I'm trying to manually "lock down" a limited WinXP Pro users account.
I need to know how to apply the following restrictions in the Registry
(or some other method):

No Control Panel
No Right-clicking on desktop
Cannot alter desktop in any way (i.e. no display settings)
No "Run" command
Cannot change computer clock
Force classic start menu

Thanks.
Anonymous
June 22, 2005 3:01:48 PM

Archived from groups: microsoft.public.windowsxp.security_admin (More info?)

HOW TO: Use the Group Policy Editor to Manage Local Computer Policy in Windows XP
http://support.microsoft.com/default.aspx?scid=kb;en-us;307882&Product=winxp

Doug's Windows XP Security Console
http://www.dougknox.com/xp/utils/xp_securityconsole.htm

[Courtesy of MS-MVP Doug Knox]


Please visit the experts in the Group Policy newsgroup
news://msnews.microsoft.com/microsoft.public.windows.group_p­olicy

--
Carey Frisch
Microsoft MVP
Windows XP - Shell/User
Microsoft Newsgroups

Get Windows XP Service Pack 2 with Advanced Security Technologies:
http://www.microsoft.com/athome/security/protect/window...

-------------------------------------------------------------------------------------------

"Dave" wrote:

| Hello all,
|
| I'm trying to manually "lock down" a limited WinXP Pro users account.
| I need to know how to apply the following restrictions in the Registry
| (or some other method):
|
| No Control Panel
| No Right-clicking on desktop
| Cannot alter desktop in any way (i.e. no display settings)
| No "Run" command
| Cannot change computer clock
| Force classic start menu
|
| Thanks.
|
Anonymous
June 22, 2005 3:56:36 PM

Archived from groups: microsoft.public.windowsxp.security_admin (More info?)

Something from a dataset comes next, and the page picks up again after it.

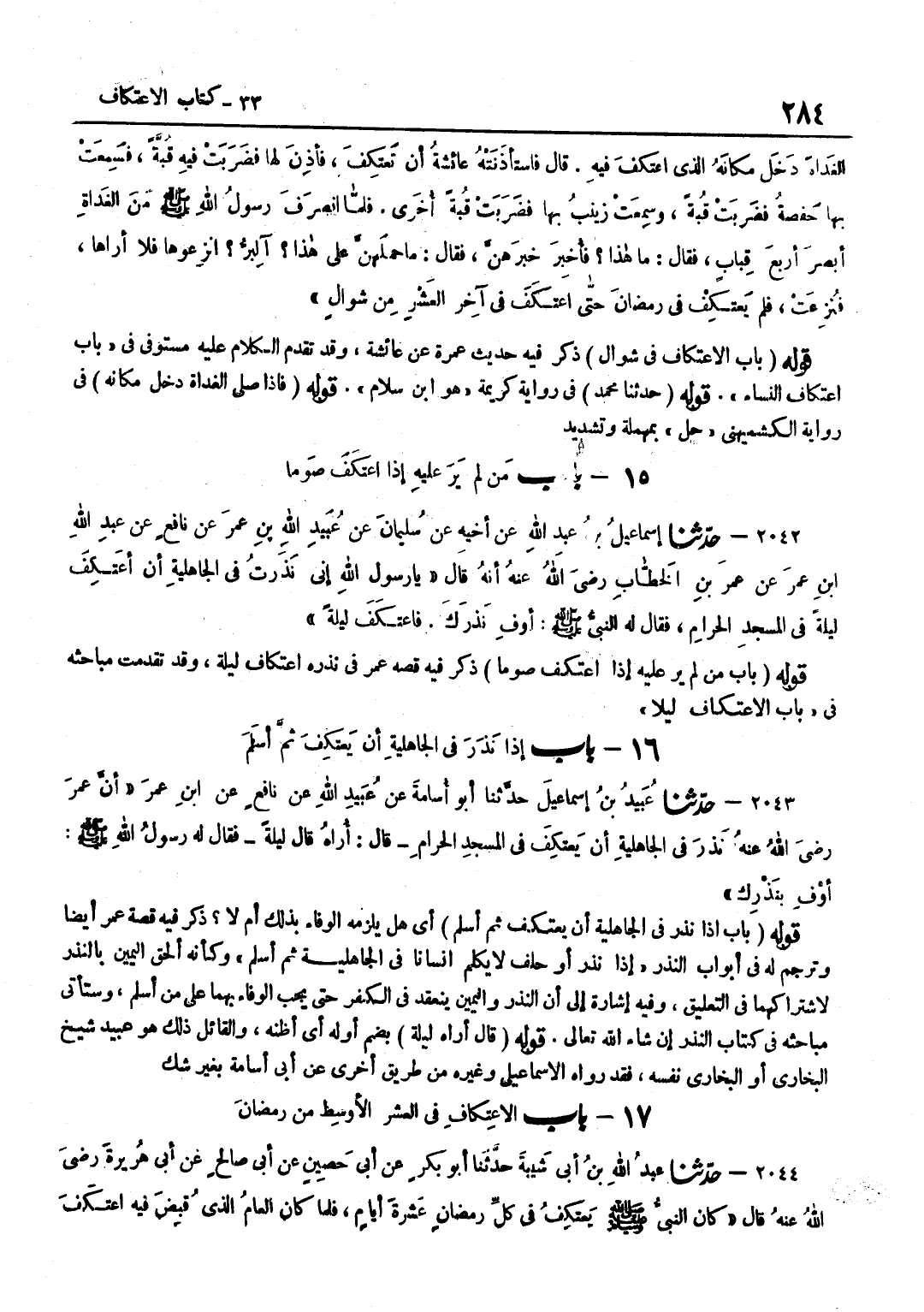 ذَكَرَ فِيهِ قِصَّةَ عُمَرَ فِي نَذْرِهِ اعْتِكَافَ لَيْلَةٍ وَقَدْ تَقَدَّمَتْ مَبَاحِثُهُ فِي بَاب الِاعْتِكَاف لَيْلًا قَوْلُهُ بَابٌ إِذَا نَذَرَ فِي الْجَاهِلِيَّةِ أَنْ يَعْتَكِفَ ثُمَّ أَسْلَمَ أَيْ هَلْ يَلْزَمُهُ الْوَفَاءُ بِذَلِكَ أَمْ لَا ذَكَرَ فِيهِ قِصَّةَ عُمَرَ أَيْضًا وَتَرْجَمَ لَهُ فِي أَبْوَابِ النَّذْرِ إِذَا نَذَرَ أَوْ حَلَفَ لَا يُكَلِّمُ إِنْسَانًا فِي الْجَاهِلِيَّةِ ثُمَّ أَسْلَمَ وَكَأَنَّهُ أَلْحَقَ الْيَمِينَ بِالنَّذْرِ لِاشْتِرَاكِهِمَا فِي التَّعْلِيقِ وَفِيهِ إِشَارَةٌ إِلَى أَنَّ النَّذْرَ وَالْيَمِينَ يَنْعَقِدُ فِي الْكُفْرِ حَتَّى يَجِبَ الْوَفَاءُ بِهِمَا عَلَى مَنْ أَسْلَمَ وَسَتَأْتِي مَبَاحِثُهُ فِي كِتَابِ النَّذْرِ إِنْ شَاءَ اللَّهُ تَعَالَى

From: "Dave" <professorchaos75@gmail.com>

| Hello all,
|
| I'm trying to manually "lock down" a limited WinXP Pro users account.
| I need to know how to apply the following restrictions in the Registry
| (or some other method):
|
| No Control Panel
| No Right-clicking on desktop
| Cannot alter desktop in any way (i.e. no display settings)
| No "Run" command
| Cannot change computer clock
| Force classic start menu
|
| Thanks.

Group Policies

Execute:
%windir%\system32\gpedit.msc

--
Dave
http://www.claymania.com/removal-trojan-adware.html
http://www.ik-cs.com/got-a-virus.htm
Related resources
Anonymous
June 23, 2005 2:34:57 AM

Archived from groups: microsoft.public.windowsxp.security_admin (More info?)

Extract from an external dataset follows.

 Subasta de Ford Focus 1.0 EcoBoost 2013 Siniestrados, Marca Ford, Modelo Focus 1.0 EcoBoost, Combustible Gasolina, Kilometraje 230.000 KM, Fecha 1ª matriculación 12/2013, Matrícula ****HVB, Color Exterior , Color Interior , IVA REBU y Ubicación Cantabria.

Note, in a non-domain environment, restrictions set thru GPEDIT apply to all users on the computer.

--
Doug Knox, MS-MVP Windows Media Center\Windows Powered Smart Display\Security
Win 95/98/Me/XP Tweaks and Fixes
http://www.dougknox.com
--------------------------------
Per user Group Policy Restrictions for XP Home and XP Pro
http://www.dougknox.com/xp/utils/xp_securityconsole.htm
--------------------------------
Please reply only to the newsgroup so all may benefit.
Unsolicited e-mail is not answered.

"David H. Lipman" <DLipman~nospam~@Verizon.Net> wrote in message news:%23jzh7L0dFHA.3184@TK2MSFTNGP15.phx.gbl...
> From: "Dave" <professorchaos75@gmail.com>
>
> | Hello all,
> |
> | I'm trying to manually "lock down" a limited WinXP Pro users account.
> | I need to know how to apply the following restrictions in the Registry
> | (or some other method):
> |
> | No Control Panel
> | No Right-clicking on desktop
> | Cannot alter desktop in any way (i.e. no display settings)
> | No "Run" command
> | Cannot change computer clock
> | Force classic start menu
> |
> | Thanks.
>
> Group Policies
>
> Execute:
> %windir%\system32\gpedit.msc
>
> --
> Dave
> http://www.claymania.com/removal-trojan-adware.html
> http://www.ik-cs.com/got-a-virus.htm
>
>
Anonymous
June 23, 2005 11:44:12 AM

Archived from groups: microsoft.public.windowsxp.security_admin (More info?)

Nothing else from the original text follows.